Cloud-native distributed system for detecting fake, irrelevant, and AI-generated e-commerce reviews through real-time scraping, machine learning, and scalable microservices.

Project Overview

FraudBuster is a cloud-native distributed system built to detect fake, generic, and AI-generated reviews at scale. The platform combines live review scraping, machine learning inference, and a microservices architecture to generate trustworthiness summaries for e-commerce products. It was designed as a real-time system rather than an offline prototype, allowing users to submit a product URL and receive an instant credibility evaluation.

Key Highlights

Designed a cloud-native microservices architecture with separate services for scraping, classification, scoring, caching, and scheduling.

Built an AI-powered review classifier using a fine-tuned BERT model to distinguish machine-generated and authentic reviews.

Implemented a semantic relevance scoring service to detect off-topic and generic reviews using sentence-transformer embeddings.

Developed a hybrid recommendation engine that combines authenticity, relevance, ratings, and review volume into BUY / CONSIDER / CAUTION / AVOID outputs.

Optimized performance with Redis caching, MongoDB persistence, and Kubernetes autoscaling for scalable review analysis.

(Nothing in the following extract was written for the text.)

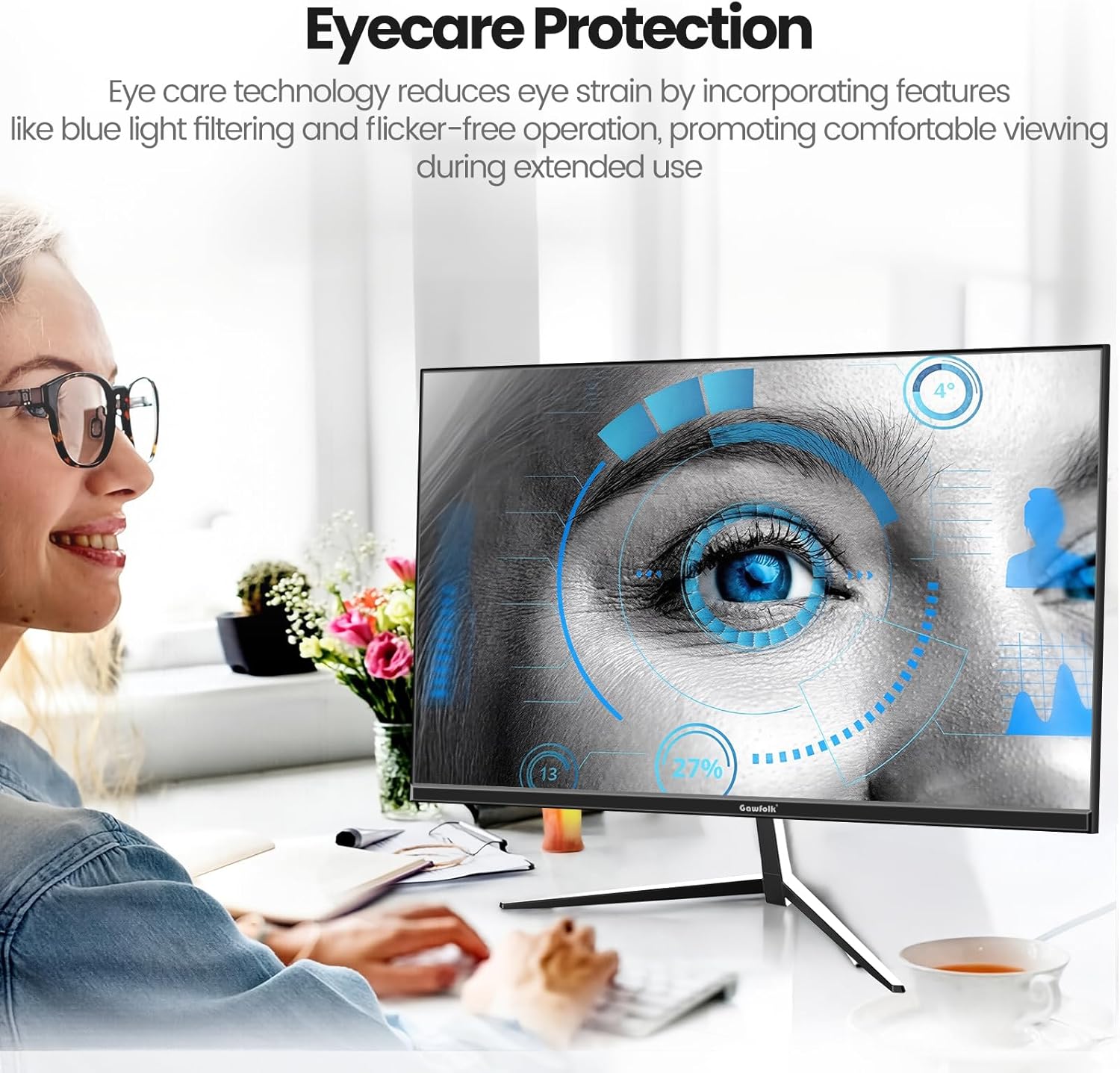 • Защита на очите - 27-инчовите компютърни монитори използват технология без трептене и филтриране на синята светлина, която минимизира синята светлина, за да предпази очите ви от увреждане.

Used gRPC for low-latency inter-service communication and deployed health checks, CronJobs, and monitoring for production-style reliability.

Problem

E-commerce platforms are increasingly affected by fake, generic, and AI-generated reviews. These distort ratings, mislead users, and make it harder for consumers to judge product quality accurately. Existing approaches are often closed, manual, or not designed for real-time, scalable analysis of live product URLs.

Solution

FraudBuster introduces a real-time analysis pipeline where users submit a product URL and the system dynamically scrapes reviews, classifies authenticity, scores semantic relevance, and synthesizes the results into a recommendation. Internally, the system uses a cache → database → scraper decision chain to reduce unnecessary scraping, while Kubernetes-managed microservices enable independent scaling of compute-heavy components such as the BERT classifier and relevance scorer.

Outcome

The project delivered a production-style system that combines distributed systems, applied AI, and cloud-native deployment. It strengthened my experience in microservices design, ML inference pipelines, Kubernetes autoscaling, caching strategies, and low-latency inter-service communication. It also demonstrated how architecture decisions directly affect performance, reliability, and user experience in high-volume environments.